На душе кошки скребут – Ксю чего-то не договаривает. Хотя, возможно, она просто настолько в своей любви увязла, что до меня дела нет, вот и кажется, что до конца не проникается моей бедой. Обижаться не стоит, чувства – они такие… Когда хорошо – счастливыми можно быть и парой, а вот когда плохо – хочется поделиться с другими, проорать о горе на весь мир.
– Ир, давай так: если вдруг чего надумаю, ну, как козлину проучить, – бормочет Ксения, – так тебя сразу и наберу. Ок?
– Ок, – заключаю мрачно. Но что-то подсказывает, что Ксю не позвонит.
– А если помощь нужна по дому, ты только скажи. Я время найду.
Вот в это верю.
– Спасибо, но дом-то не мой сгорел. Пусть сами и разгребают. Я, конечно, если надо, помогу, но тебя дёргать не стану.

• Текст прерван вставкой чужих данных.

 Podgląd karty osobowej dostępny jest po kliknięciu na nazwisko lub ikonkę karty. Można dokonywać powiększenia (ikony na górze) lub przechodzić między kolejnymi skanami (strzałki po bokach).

– Хорошо, – до неприличия легко соглашается Ксю.
Из-за случившегося домой не тороплюсь, но совесть давит, так нельзя. Соседям нужна помощь. Убраться, хлам выкинуть, и т.д.
Тем более Амалия пострадала. Отец звонил, сообщил – ничего страшного, но несколько дней ей придётся провести в больнице. Ещё заявил, что когда появится дома, у нас состоится важный разговор. Меня немного напрягло услышанное – мне тоже есть, что сказать, на что пожаловаться, но оставляю все вопросы на подходящее время.
Игнат
В универе долго не засиживаюсь. Пишу заявление на индивидуальный график сдачи сессии по причине пожара, забегаю в лабораторию, оставляю ребятам на доске сообщение и еду по магазинам. Нужно бы к маме, но в грязном являться в больницу не айс.

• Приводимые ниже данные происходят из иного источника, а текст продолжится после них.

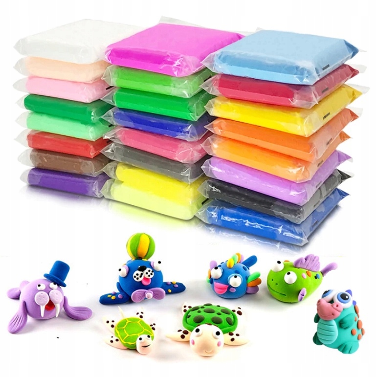Супер глиняная пластиковая масса является идеальным набором для самых молодых энтузиастов моделирования. Стимулирует творчество и воображение. Это приятно на ощупь. Он не тормозит и не испачкается. Набор включает в себя 3 спатула, благодаря которой вы можете создать любые шаблоны и статуэтки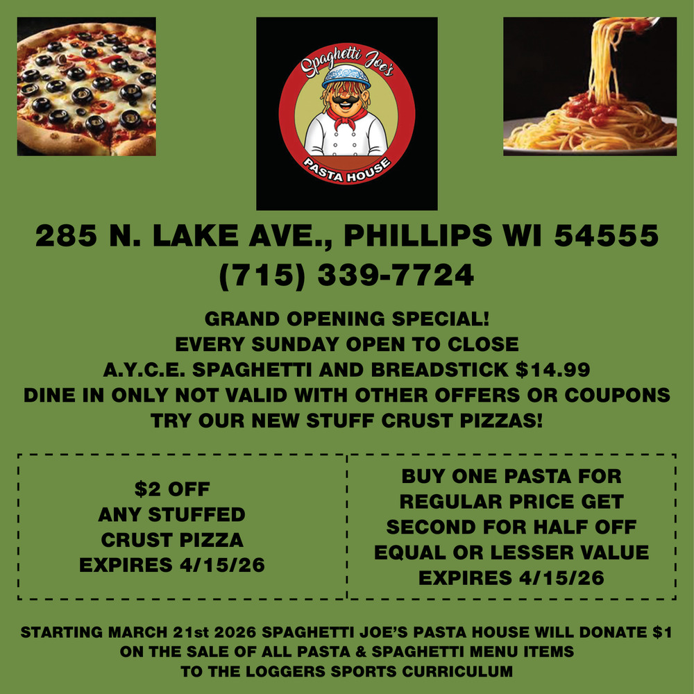 Mar 26, 2026. Spaghetti Joe's Restaurants Ads from Price County Review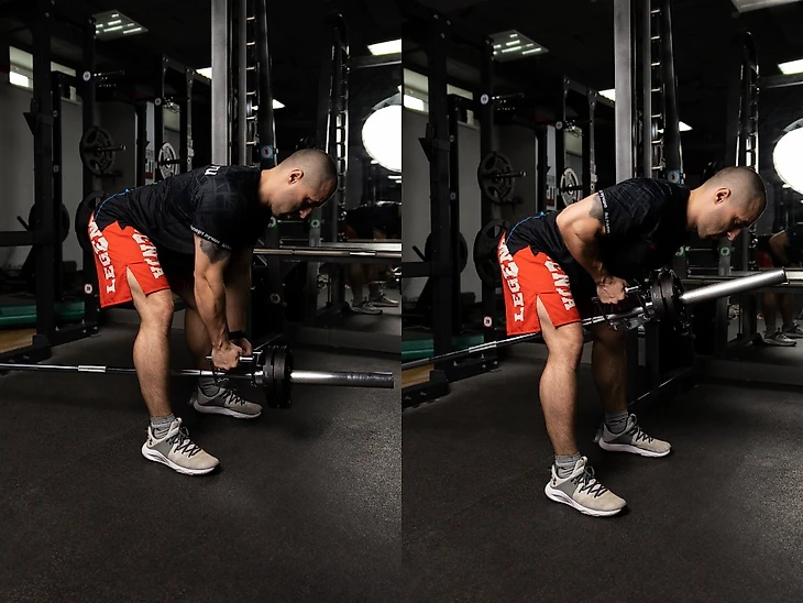 На выдохе тяните гриф к животу, сгибая руки в локтях и максимально сводя лопатки вместе в конечной точке.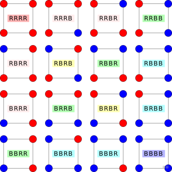 显然四个珠子对应着 \(A\),红色和蓝色对应着 \(B\)。不考虑本质不同,显然项链的染色方案共计 \(2^4=16\) 种,这 \(16\) 种染色方案对应着 \(X\)。将可以通过旋转相互得到的分到一组,共计 \(6\) 组,如下图所示: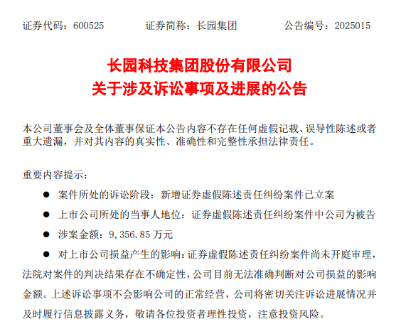 红星资本局3月2日消息,长园集团(600525.SH)3月1日公告,公司近日收到法院送达的证券虚假陈述责任纠纷案件材料。熊贤忠等3名投资者起诉长园集团,请求法院判令该公司赔偿合计9356.85万元损失。

Особо не разгуливаю по бутикам. В первом попавшемся ТЦ нахожу отдел с мужской одеждой и почти без разбора хватаю пару джинсов своего размера, джемперов, спортивные брюки, несколько футболок, толстовку, кроссы, куртку.
Присматриваюсь к ноуту, но разумно решаю отложить покупку на более подходящее время. В моём бедственном положении это пока непростительная роскошь. К тому же, – криво улыбаюсь до тягучей истомы приятной мысли, – у Королька есть техника. Нам хватит.
Интуитивно прикупаю маме несколько вещиц. Халат, пару футболок, тапочки. Что ещё нужно в больнице? Вроде это… Пасту зубную, щётку, полотенце, гель, шампунь…
Остальное довезу, когда потребуется.
В больнице некоторое время улаживаю вопросы с документами мамы, которые привёз по просьбе Сергея Николаевича.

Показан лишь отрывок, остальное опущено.